In contrast to the hierarchical organization of primates, the visual system of the mouse has a shallower organization in which multiple higher visual areas are at similar levels of the hierarchy (14). Since mice and other rodents are capable of visually guided behavior including invariant object recognition (15, 16), this raises questions about the role of architecture in neural computation.

In the mean time, large scale tract tracing data sets have revealed neuro-anatomical structure in unprecedented detail (17–19). Using such data sets, we construct detailed estimates for circuit properties of the mouse visual system, including the interarreal connectome and the numbers of neurons per region and layer.

Convolutional networks share weights across the visual field, and thus form an approximation of the likely functional properties of the real neural system, an approximation likely partially imposed by a degree of translation invariance of stimuli in the natural world leading to equivariant representations in neural systems (1–3). This weight sharing makes them much easier to train, which is an important practical consideration for establishing representations without a lifetime of experience. Python code for this project is available at https://github.com/mabuice/Mouse_CNN.

## Methods

### Construction of the MouseNet CNN

In this section, we introduce our framework for constructing the MouseNet CNN. Fig 1 shows an overview of this framework. The basic idea is to use available sources of anatomical data (e.g. tract tracing data, cell counts, and statistics of shortrange connections) to constrain the CNN network structure and architectural hyperparameters. We discuss the details of each step below.

#### Network architecture

MouseNet spans the ventral lateral geniculate nucleus (LGNv) and six visual areas (Fig 2A). Input to the network passes first through LGNv, and then to the primary visual area VISp. After VISp, the architecture branches into five parallel pathways, representing five lateral visual areas: VISl (lateral visual area), VISal (anterolateral), VISpl (posterolateral), VISli (laterointermediate), and VISrl (rostrolateral). Finally, the output of VISp together with all five lateral visual areas provide input to VISpor (postrhinal). We include only the lateral areas because they are more associated to object recognition while the medial areas are more involved in multimodal integration (20). The three-level architecture among the VIS areas was derived from an analysis of the hierarchy of mouse cortical and thalamic areas (Figure 6e in (14)), which considered feedforward and feedback connections from each area. In this analysis, VISp was clearly low in the hierarchy, and VISpor was clearly high, but the other lateral visual areas had similar intermediate positions.

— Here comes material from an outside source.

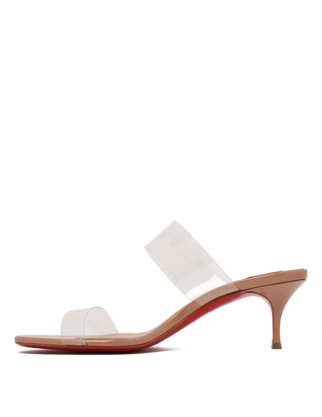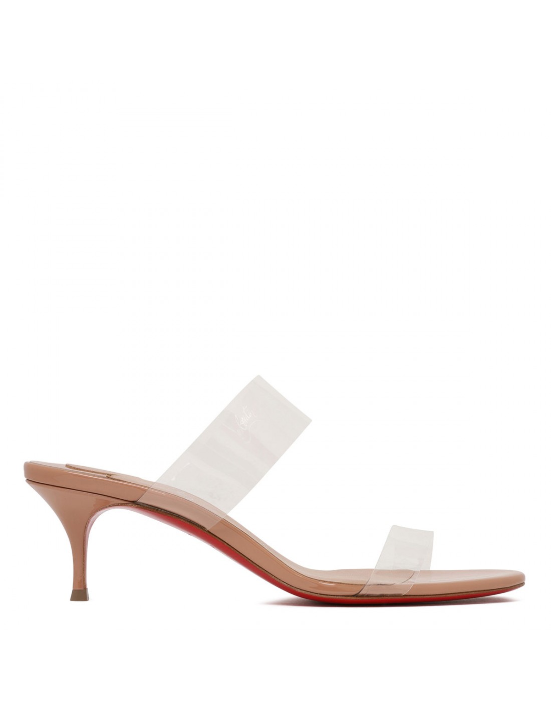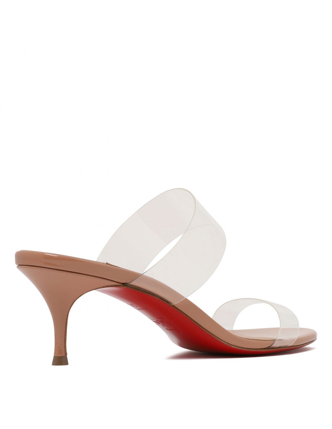 Blush beige patent leather Just Nothing mule sandals from Christian Louboutin featuring barely-there upper, two see-through soft TPU straps, almond open toe, slim 55 heel, leather insole, signature red leather outsole.

In the MouseNet model, each VIS area is represented by three separate cortical layers: layer 4 (L4), layer 2/3 (L2/3) and layer 5 (L5). We call a specific cortical layer within a specific area a “region”. Here we only consider the feedforward pathway, thought in primates to drive responses within ≈ 100ms of stimulus presentation (2, 6). Following depictions of the canonical microcircuit (e.g. as summarized in Fig 5 in (21)), we consider the feedforward pathway to consist of laminar connections from L4 to L2/3, and from L2/3 to L5. Input from other areas feed into L4 and all of L4, L2/3 and L5 output to downstream areas, as shown in Fig 2B. This is consistent with broad connectivity among visual areas from each of these layers (Figure 2f of (14)). Fig 2C shows the MouseNet architecture in full detail, including all 22 regions and associated connections.

#### From architecture to convolutional neural net

Similar to the CALC model for the primate visual cortex by one of the authors (22), the general idea is to use convolution (Conv) operations to model the projections between different regions in the mouse visual cortex. Conv operations are linear combinations of many inputs, so they impose the assumption of linear synaptic integration. They are widely used in machine learning, because they run efficiently on graphical processing units, and they share parameters across the visual field, leading to reduced memory requirements and faster learning, relative to general linear maps. Each connection from source brain region *i* to target brain region *j* is modelled with a Conv operation, Conv^{ij}. The input to Conv^{ij} corresponds to the neural activities in source region *i*, and the output of Conv^{ij} drives neural activities in the target region *j*. For example, as shown in Fig 3A, the projection from Region 1 to Region 2 (Proj 1→2) is modeled by Conv^{12}. The neural activities in Region 1 correspond to the input to Conv^{12}, while the neural activities in Region 2 are a nonlinear function (ReLU, as shown in Fig 3C) of the output of Conv^{12}. In MouseNet, L4 of all areas except VISp receive multiple converging inputs, similar to Region 4 in the figure. In these cases, each projection is modeled by a separate Conv layer, and a nonlinear function (ReLU) is applied to the sum of the output from all these Conv layers, to produce the neural activities in Region 4.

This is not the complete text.